Depending on the margins that our farmer is holding on his crops, he might no longer be in a position to service his debt. It doesn't matter if he has a contract with USAID. He's selling to the market and the market is paying less.

That's what I mean by the interconnectivity of USAID and farming. USAID's purchases provide the market demand that keeps prices high for all farmers, not just the farmers they directly contract with. What you're seeing with the bankruptcies is that the market isn't going to continue paying current prices for crop yields. But the farmers bought their seed and equipment when the price expectations were higher. And the reduction of USAID from future purchases contributes to lowering price expectations for everyone.

A- farmers shouldn't base their livelihood on govt handouts.

B- still, none of those farms in the OP are because of USAID cuts, because those would be loans for seed that they are gathering now.
 
A- farmers shouldn't base their livelihood on govt handouts.

B- still, none of those farms in the OP are because of USAID cuts, because those would be loans for seed that they are gathering now.
A -- they don't. The US government is invested in sustainable food prices around propping up farmers. Without those government handouts, the cost of groceries to the general population would skyrocket.

B -- I didn't say the farms in the OP are directly because of USAID cuts. I said that projected USAID cuts contributes to lower expected prices for the farmers' crops. The farmers with USAID contracts will have their contracts honored. But it's the farmers relying on market prices who will suffer.

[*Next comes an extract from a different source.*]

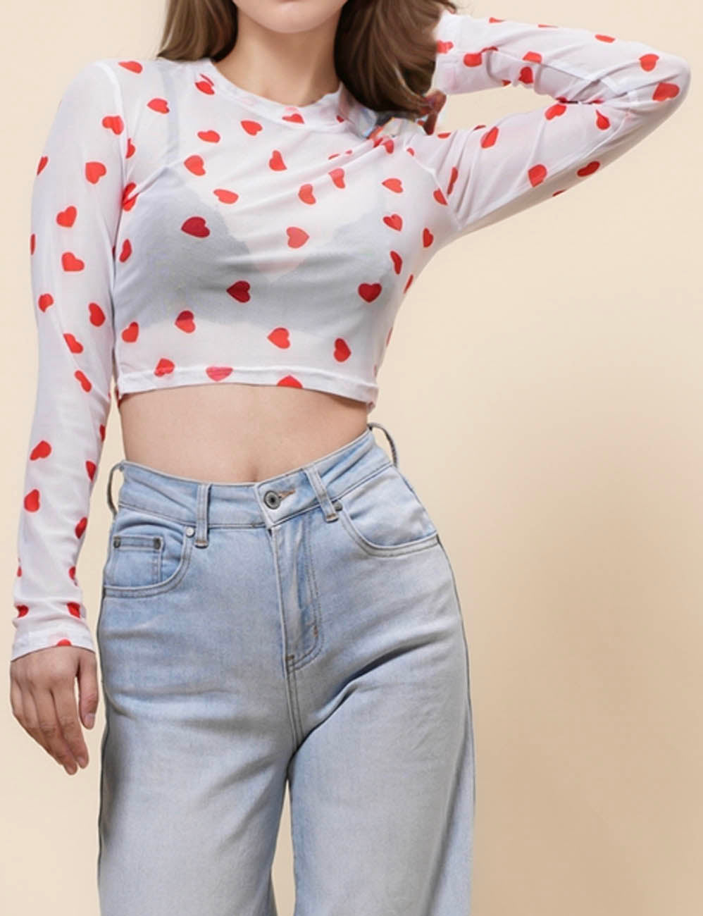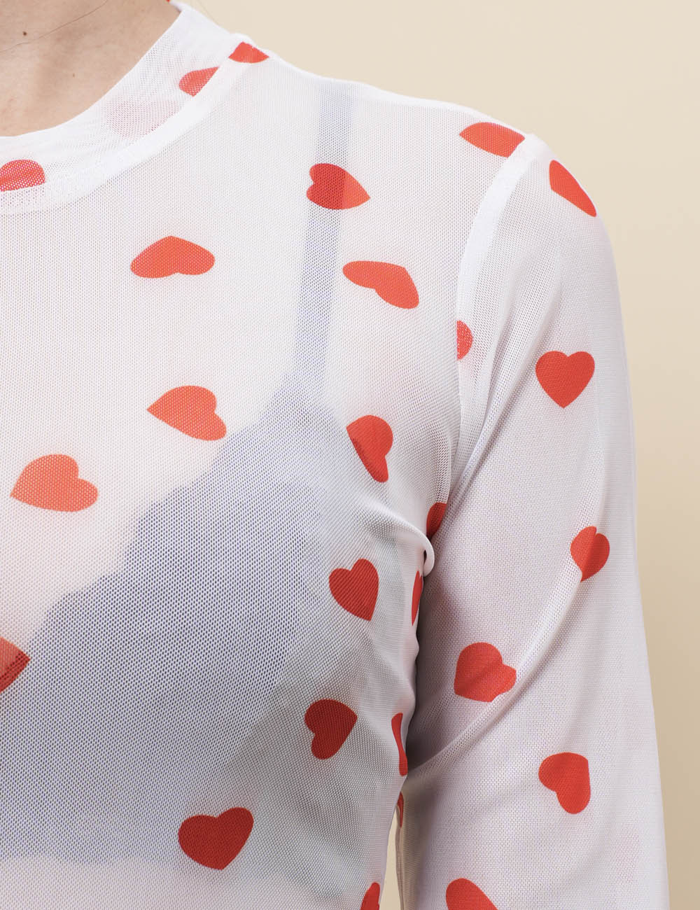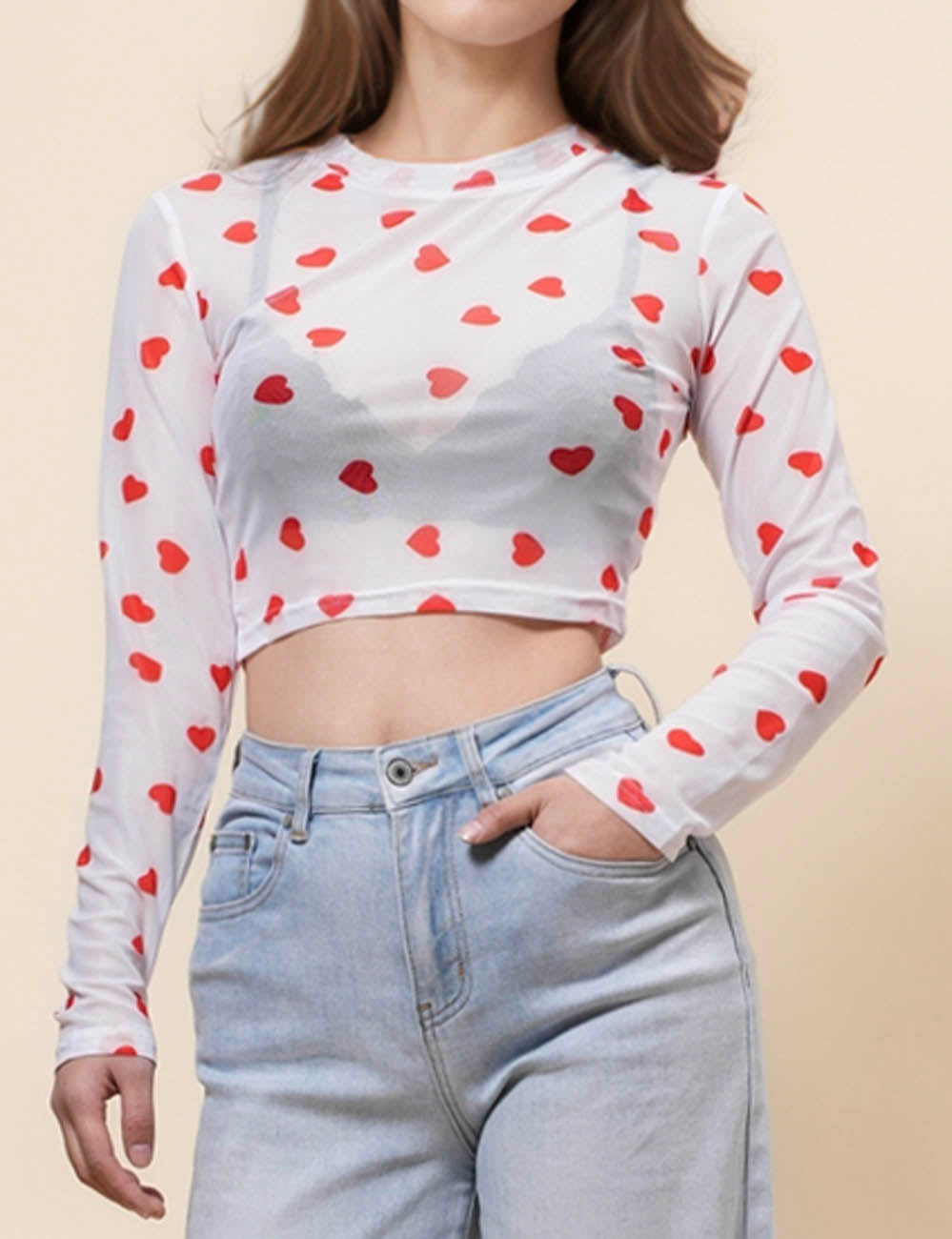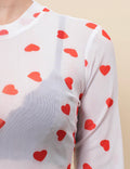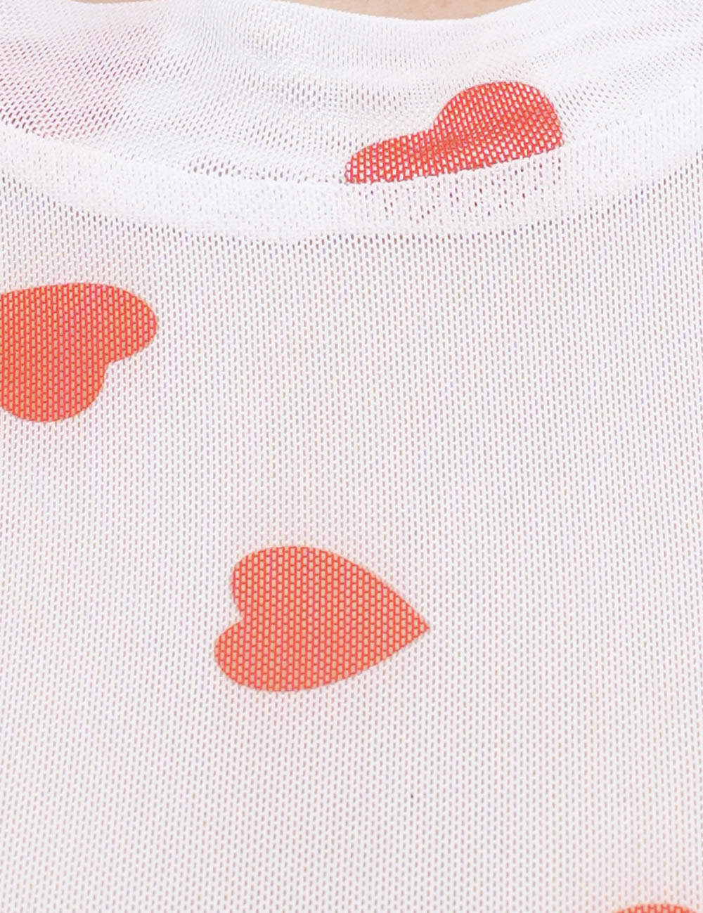 Ladies Heart Print See Sheer Mesh Layring Top SKT4995

Example: You and I both sell horse buggy whips. You have a contract with the government. I sell direct to market. The market sets its purchase price for buggy whips based on demand for our supply. That demand is partially driven by how many whips the government is buying. If the government is buying 50% of the whips, the other 50% is in higher demand.

Then the government announces that they will no longer be buying 50% of the whips in the future. The price for whips will go down because the expected demand for whips is going down. You will not feel the effect because your contract with the government will be honored. I will because the price for what I sell is decreasing due to the expected lower demand and excess supply. So, anticipating my future lower revenue numbers, I file bankruptcy to restructure my debt taking into account lower prices for buggy whips in the future. You do not have to do this until your contract with the government comes to a conclusion.

My bankruptcy is a forerunner of a change in the market. Your immediate market is unchanged because your buyer is contracted to you for the near future.

This is a basic supply and demand issue when a market knows that a major consumer of a product is pivoting to fewer purchases in the future. Those insulated with contracts are protected while those relying on market rates are not.